- _Task item_
An exact, picture-free copy of the listing is required.

- _Material provided_
=== Section Start ===
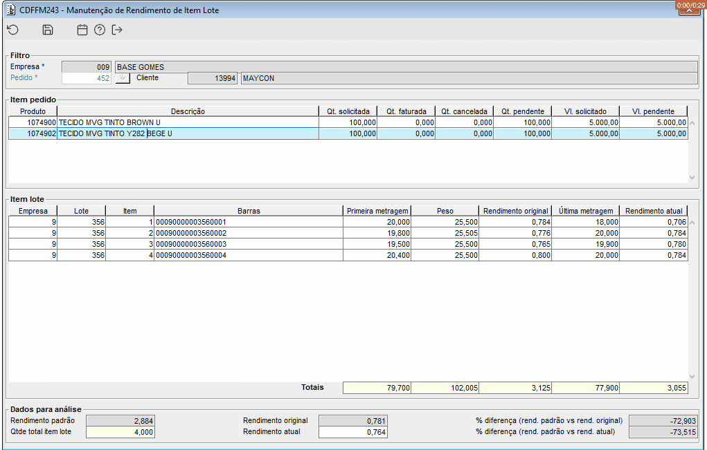 GIF 4 - No componente CDFFM243, foi ajustado cálculo dos campos de % de diferença para (rendimento original - rendimento padrão) / rendimento padrão * 100) e ((rendimento atual - rendimento padrão) /rendimento padrão * 100).
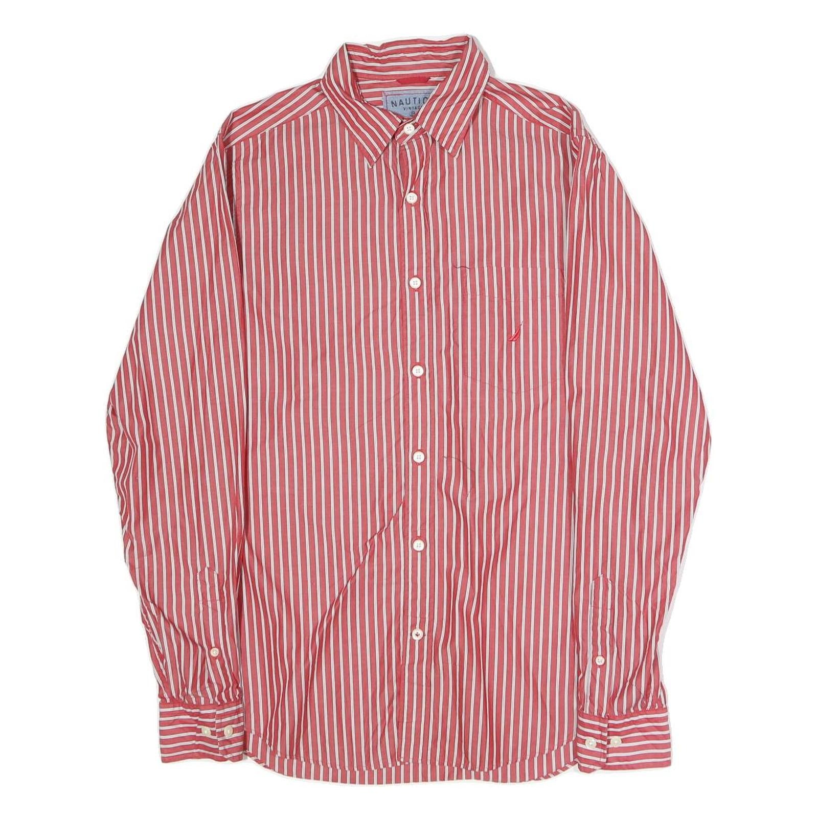 NAUTICA Mens Red & White Stripe Cotton Blend Shirt S Classic Fit Long Sleeve
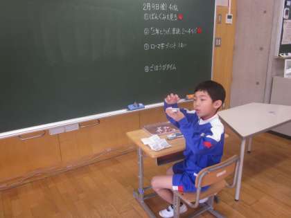 自立活動です。 指先の動きをよくするために小さなブロックを使って作品を仕上げました。
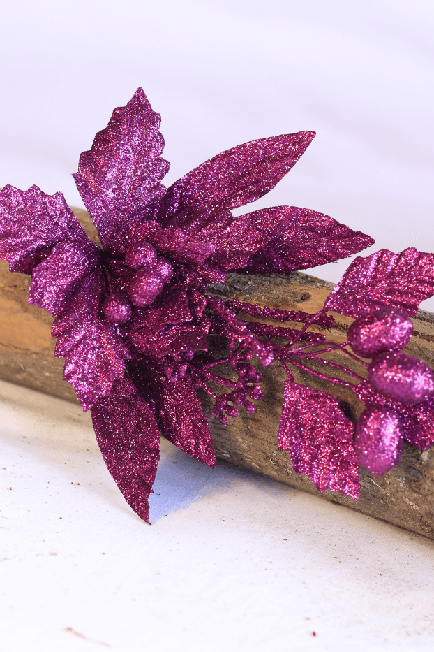 Pick de poinsettia escarchada con follaje, hojas y detalles en pepas.
=== Section End ===
- _Answer box_
 GIF 4 - No componente CDFFM243, foi ajustado cálculo dos campos de % de diferença para (rendimento original - rendimento padrão) / rendimento padrão * 100) e ((rendimento atual - rendimento padrão) /rendimento padrão * 100).
 NAUTICA Mens Red & White Stripe Cotton Blend Shirt S Classic Fit Long Sleeve
 自立活動です。 指先の動きをよくするために小さなブロックを使って作品を仕上げました。
 Pick de poinsettia escarchada con follaje, hojas y detalles en pepas.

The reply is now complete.